# Auf Datei ausserhalb des Tomcat zugreifen



## Samson_Miller (30. Jan 2008)

Ich habe eine Web-Anwendung geschrieben. Jetzt möchte ich auf einer Seite einen Link zu einer Datei einbauen, die lokal bei mir im Netzwerk liegt. Der Tomcat befindet sich unter C:\Programme, die Datei aber auf X:\.

Jeder der dei Web-Anwendung aufruft, hat auch das Laufwerk X:\, also hat auch jeder Benutzer die Datei.

Wie kann es nun hinbekommen, das wenn jemand auf den Link klickt, die Datei vom Laufwerk X:\ geöffnet wird?

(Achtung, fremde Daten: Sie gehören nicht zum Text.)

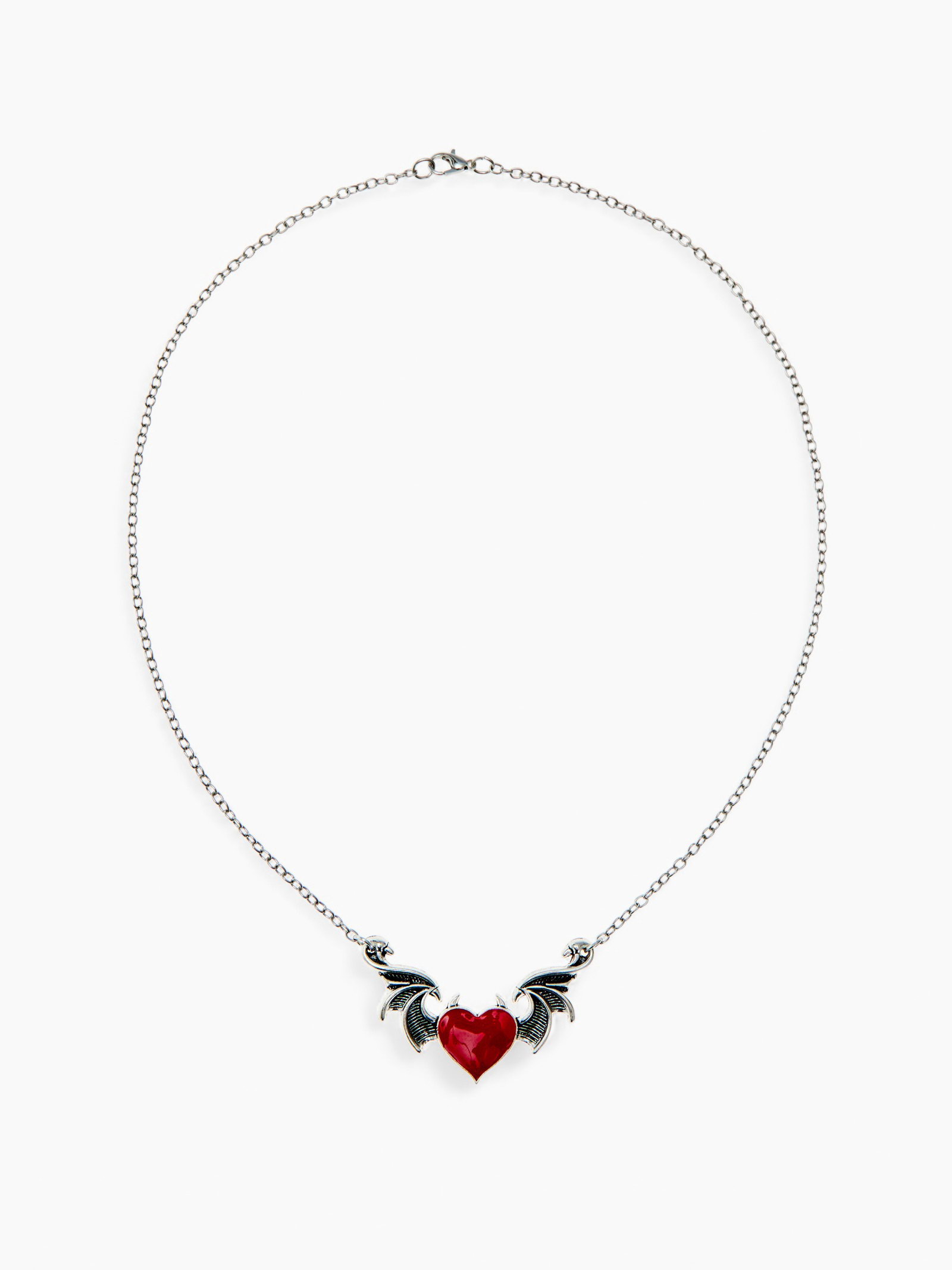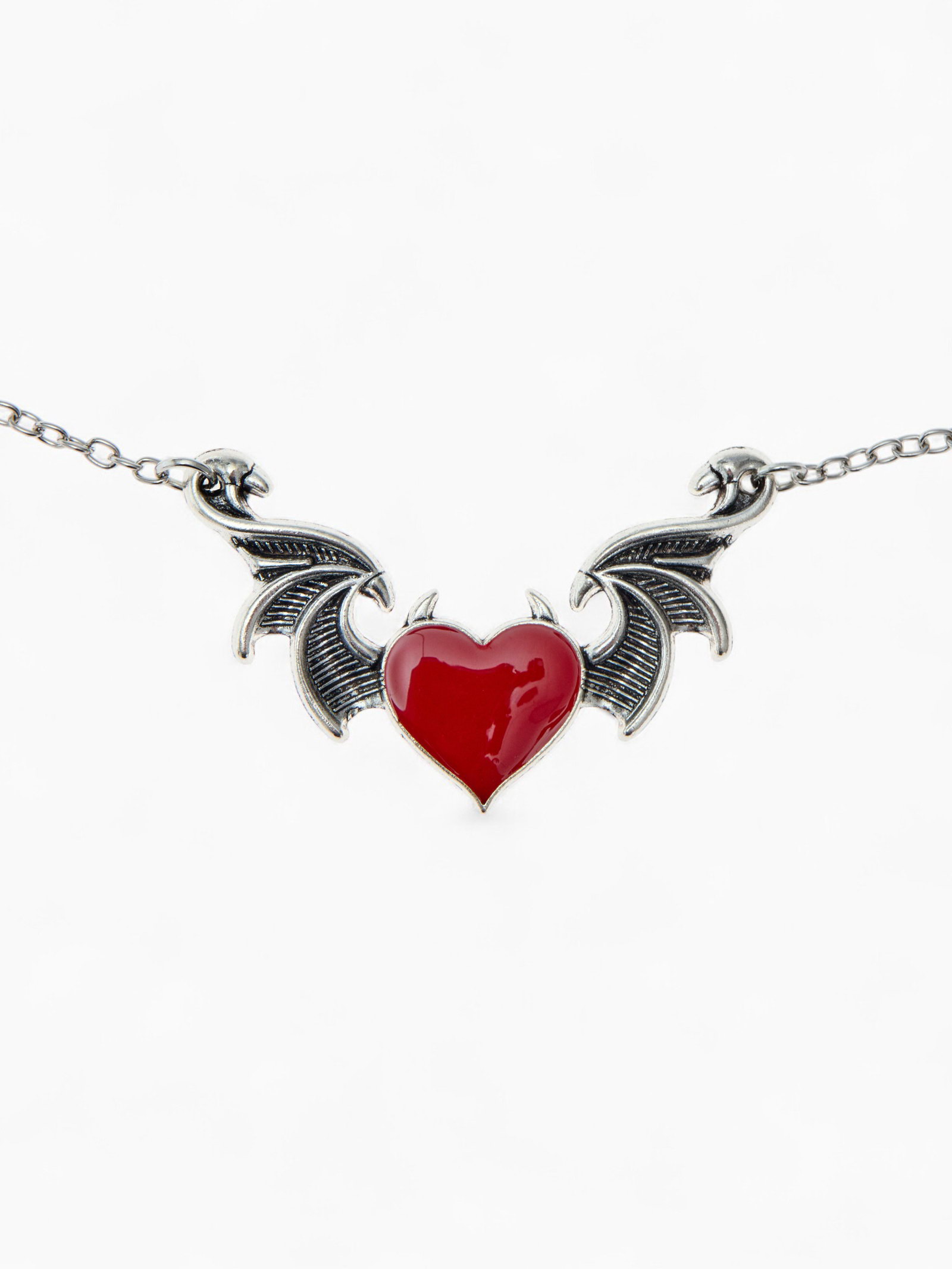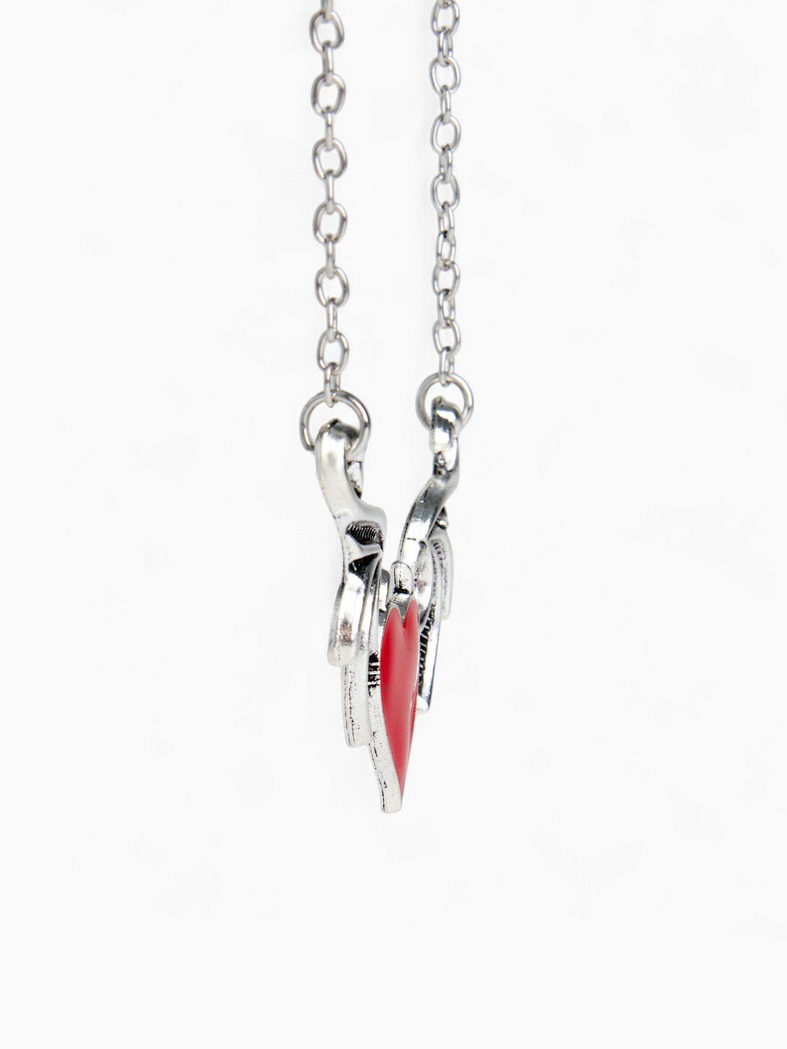 Кулон на цепочке "Сердце с рожками", красный в серебре, 50 см, 5.5x50x3.5 см., QF, Китай
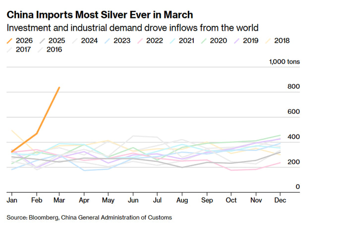 Silver imports to China for March breaks records, industrial demand for Silver is increasing as supply is threatened by Diesel and Sulfuric acid shortages, invest accordingly
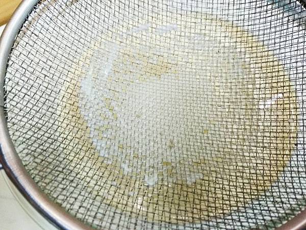 5-6次後,篩子上的蛋白殘留會越來越少,布丁液越來越細
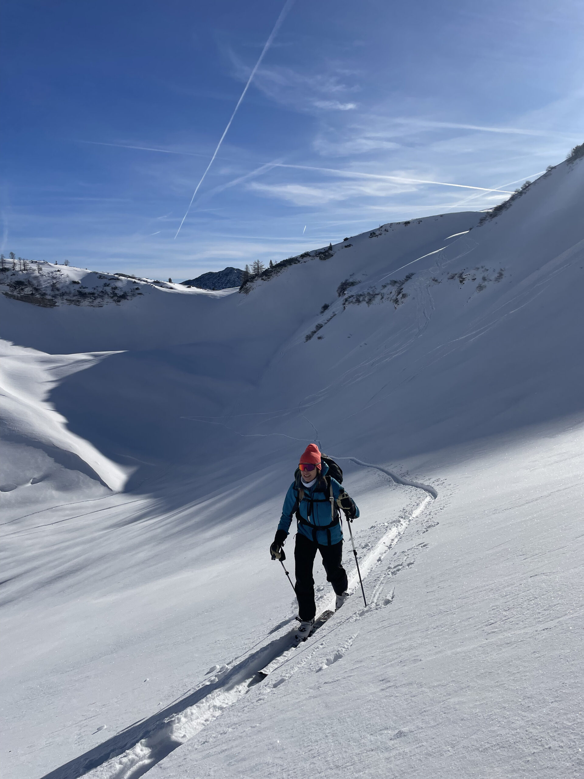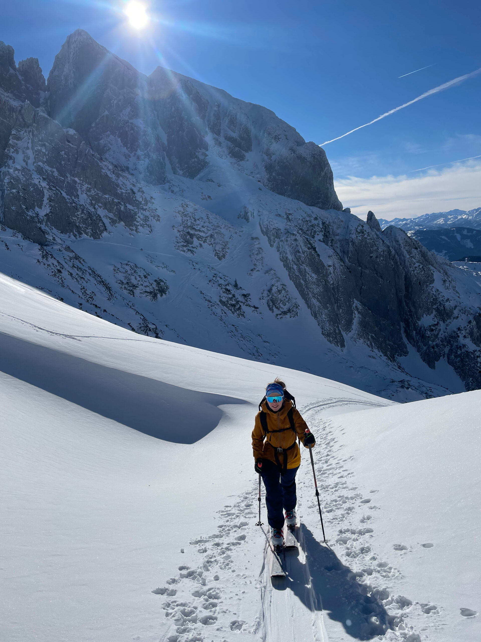 Mellan de dramatiska taggarna i Gosaukamm breder ett nätverk av sadlar, branta rännor och kittlar ut sig – helt jämförbart med toppturer i Dolomiterna. På nordsidan håller sig snön ofta som kall, lätt puder, medan sydsidorna snabbt övergår till fastare firnsnö under vårvintern. Ett område som bjuder på teknisk variation och storslagen natur.
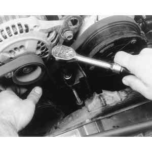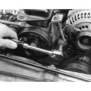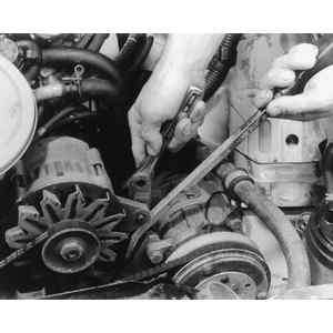 | Fig. 1: Check the accessory belt tension by pressing and measuring the amount of deflection |
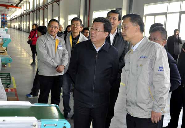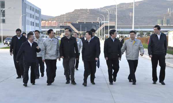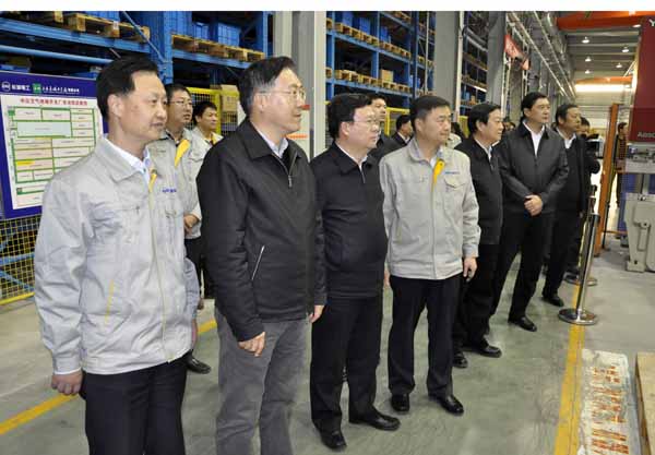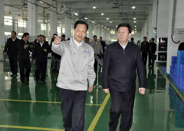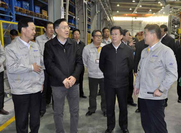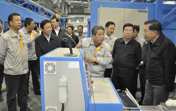 陈钢(左二)、夏红民(右二)听取公司董事长杨林(左一)、总经理张希泰(右一) 工作汇报 10月26日下午,以国家质检总局党组成员、副局长陈钢为组长的国务院质量工作考核组一行,在甘肃省政府副省长夏红民的陪同下来长城电工检查指导工作。

Die Möglichkeit die Datei zu verschieben besteht nicht, sie muss auf X:\ bleiben.


----------



## maki (30. Jan 2008)

Du kannst keinen Link auf eine Ressource ausserhalb deiner Web Anwendung machen.
Ein sog. Stream Servlet löst dieses Problem, hab grde keines da, aber google sollte dir einige Beispiele liefern, da dass ein allgemeines Problem ist.


----------



## ms (30. Jan 2008)

Gibts da nicht diese hässliche file:\\\... -Variante?

ms


----------



## maki (30. Jan 2008)

ms hat gesagt.:
			
		

> Gibts da nicht diese hässliche file:\\\... -Variante?
> 
> ms


Kann sein das ich auf dem Holzweg bin, aber das sollte nur lokal funktionieren.

Falls nicht klärt mich bitte auf, dass kommt nämlich auch bald auf mich zu...


----------



## quadro (30. Jan 2008)

Ich glaube ich habe da etwas gefunden, was sehr vielversprechend aussieht, werde Euch morgen mal informieren, ob das geklappt hat...  Seid gespannt!


----------